Effective crime prevention interventions for implementation by local government. AIC reports. Public policy series 120.
  
Effective crime prevention interventions for implementation by local government. AIC reports. Public policy series 120.
Anthony Morgan, Hayley Boxall, Kym Lindeman and Jessica Anderson
Australian Institute of Criminology
ISBN: 9781922009234

As a research organisation, the Australian Institute of Criminology (AIC) is often confronted by the challenge of how best to facilitate the transfer of research findings into effective crime prevention policies and programs. While recognition of the importance of evidence-based crime prevention continues to grow, along with the number of quality evaluations that have been conducted, simply producing and disseminating research findings is not enough to ensure that the accumulated evidence base is used to inform decision making. Instead, it is necessary to look at ways through which those working on the ground can be encouraged to make better use of the available evidence.

One such approach is to partner with those agencies whose responsibility it is to develop crime prevention policy and support practitioners working in local communities. Continuing a long history of collaborating with crime prevention agencies, the Crime Prevention Division of the NSW Department of Attorney General and Justice commissioned the AIC to undertake a large-scale systematic review of interventions to prevent a number of crime types identified as priority areas for local councils in New South Wales.
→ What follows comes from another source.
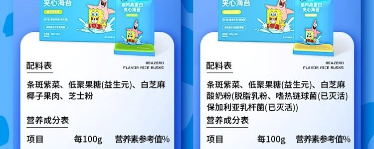 商品名称:海绵宝宝 夹心海苔 椰子芝士味 32g

This report represents one of the first outputs produced by the AIC as part of its new crime prevention technical assistance program, Crime Prevention ASSIST (ASSIST is the acronym for Advice, Specialist Support, Information & Skills Training). Crime Prevention ASSIST has been developed in recognition of the importance of building the capacity of those working in crime prevention. Current priorities for the program include targeted evaluation work, applied resource material development and training and professional development activities for government and non-government practitioners, as well as a new website presence. It is particularly through Crime Prevention ASSIST that the AIC hopes to bridge the gap between research and practice and make an important contribution to the goal of evidence-based crime prevention.